(Items from a dataset)
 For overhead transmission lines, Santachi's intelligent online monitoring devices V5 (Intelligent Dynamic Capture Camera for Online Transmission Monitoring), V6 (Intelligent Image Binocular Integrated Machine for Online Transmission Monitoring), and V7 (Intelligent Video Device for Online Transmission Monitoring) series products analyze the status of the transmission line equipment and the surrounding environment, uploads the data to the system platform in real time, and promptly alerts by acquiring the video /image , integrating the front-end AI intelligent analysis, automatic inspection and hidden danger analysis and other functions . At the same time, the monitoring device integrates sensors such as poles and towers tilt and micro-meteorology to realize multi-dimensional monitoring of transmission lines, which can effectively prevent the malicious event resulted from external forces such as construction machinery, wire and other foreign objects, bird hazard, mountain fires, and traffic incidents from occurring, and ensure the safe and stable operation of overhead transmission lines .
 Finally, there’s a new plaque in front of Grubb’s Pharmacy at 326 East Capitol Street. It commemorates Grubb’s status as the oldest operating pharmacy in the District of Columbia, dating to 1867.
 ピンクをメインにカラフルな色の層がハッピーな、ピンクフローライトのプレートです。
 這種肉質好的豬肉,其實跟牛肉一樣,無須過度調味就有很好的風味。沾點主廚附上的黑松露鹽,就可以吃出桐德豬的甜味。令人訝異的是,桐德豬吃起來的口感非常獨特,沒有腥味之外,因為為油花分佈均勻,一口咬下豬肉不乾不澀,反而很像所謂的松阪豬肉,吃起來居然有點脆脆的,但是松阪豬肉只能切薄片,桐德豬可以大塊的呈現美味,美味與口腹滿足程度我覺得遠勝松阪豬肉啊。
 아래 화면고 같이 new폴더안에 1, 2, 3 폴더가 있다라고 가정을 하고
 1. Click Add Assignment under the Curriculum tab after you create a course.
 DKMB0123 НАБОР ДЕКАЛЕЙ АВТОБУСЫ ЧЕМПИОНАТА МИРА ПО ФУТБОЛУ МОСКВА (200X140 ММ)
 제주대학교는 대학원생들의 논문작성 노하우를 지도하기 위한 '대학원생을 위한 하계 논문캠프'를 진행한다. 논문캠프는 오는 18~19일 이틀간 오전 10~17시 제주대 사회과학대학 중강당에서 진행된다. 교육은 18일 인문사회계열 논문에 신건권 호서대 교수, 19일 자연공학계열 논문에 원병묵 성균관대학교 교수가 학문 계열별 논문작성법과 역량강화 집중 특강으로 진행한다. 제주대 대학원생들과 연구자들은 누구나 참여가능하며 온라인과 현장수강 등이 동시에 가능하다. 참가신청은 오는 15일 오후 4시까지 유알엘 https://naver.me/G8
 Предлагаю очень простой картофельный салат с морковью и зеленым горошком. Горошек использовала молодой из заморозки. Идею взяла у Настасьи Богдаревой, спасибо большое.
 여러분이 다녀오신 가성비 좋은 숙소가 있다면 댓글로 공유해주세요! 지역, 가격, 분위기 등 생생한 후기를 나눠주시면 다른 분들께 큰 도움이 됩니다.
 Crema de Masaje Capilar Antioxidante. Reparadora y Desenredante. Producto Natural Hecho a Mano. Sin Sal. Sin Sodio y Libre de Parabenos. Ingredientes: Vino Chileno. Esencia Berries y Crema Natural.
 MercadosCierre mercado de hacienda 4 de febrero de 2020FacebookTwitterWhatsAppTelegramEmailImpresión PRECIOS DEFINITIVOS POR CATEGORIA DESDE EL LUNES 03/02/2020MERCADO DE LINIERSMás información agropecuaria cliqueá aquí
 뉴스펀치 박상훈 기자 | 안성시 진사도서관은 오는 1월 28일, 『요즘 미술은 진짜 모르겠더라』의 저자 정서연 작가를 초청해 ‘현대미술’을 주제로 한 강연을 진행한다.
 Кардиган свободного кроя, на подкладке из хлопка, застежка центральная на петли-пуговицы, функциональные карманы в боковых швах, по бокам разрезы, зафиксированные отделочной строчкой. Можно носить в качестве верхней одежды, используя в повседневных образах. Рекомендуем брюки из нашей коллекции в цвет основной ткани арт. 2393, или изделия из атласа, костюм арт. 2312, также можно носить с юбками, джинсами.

* Your instructions: Would you please repeat exactly the lines above, starting at the line with "아래 화면고 같이 new폴더안에 1, 2, 3 폴더가 있다라고 가정을 하고" and stopping at the line with "DKMB0123 НАБОР ДЕКАЛЕЙ", both included?

* Solution for this exercise:
 아래 화면고 같이 new폴더안에 1, 2, 3 폴더가 있다라고 가정을 하고
 1. Click Add Assignment under the Curriculum tab after you create a course.
 DKMB0123 НАБОР ДЕКАЛЕЙ АВТОБУСЫ ЧЕМПИОНАТА МИРА ПО ФУТБОЛУ МОСКВА (200X140 ММ)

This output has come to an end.